> [Exercise brief]:
All that is needed is the first stretch of the listing below, repeated exactly and ending with the line that contains "Your bird will". Pictures are to be left out.

> [Raw data]:
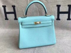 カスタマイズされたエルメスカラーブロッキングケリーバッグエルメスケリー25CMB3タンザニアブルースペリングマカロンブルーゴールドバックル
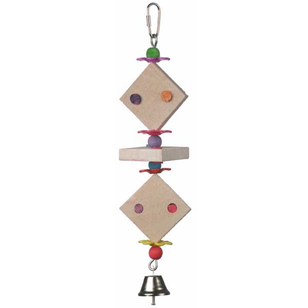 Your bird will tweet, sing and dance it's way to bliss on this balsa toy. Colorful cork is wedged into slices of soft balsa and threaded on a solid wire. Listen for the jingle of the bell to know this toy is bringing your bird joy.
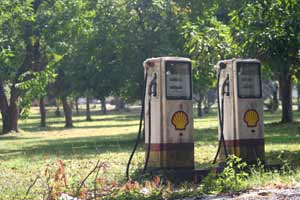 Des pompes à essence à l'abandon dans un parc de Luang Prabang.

> [Answer for the task]:
 カスタマイズされたエルメスカラーブロッキングケリーバッグエルメスケリー25CMB3タンザニアブルースペリングマカロンブルーゴールドバックル
 Your bird will tweet, sing and dance it's way to bliss on this balsa toy. Colorful cork is wedged into slices of soft balsa and threaded on a solid wire. Listen for the jingle of the bell to know this toy is bringing your bird joy.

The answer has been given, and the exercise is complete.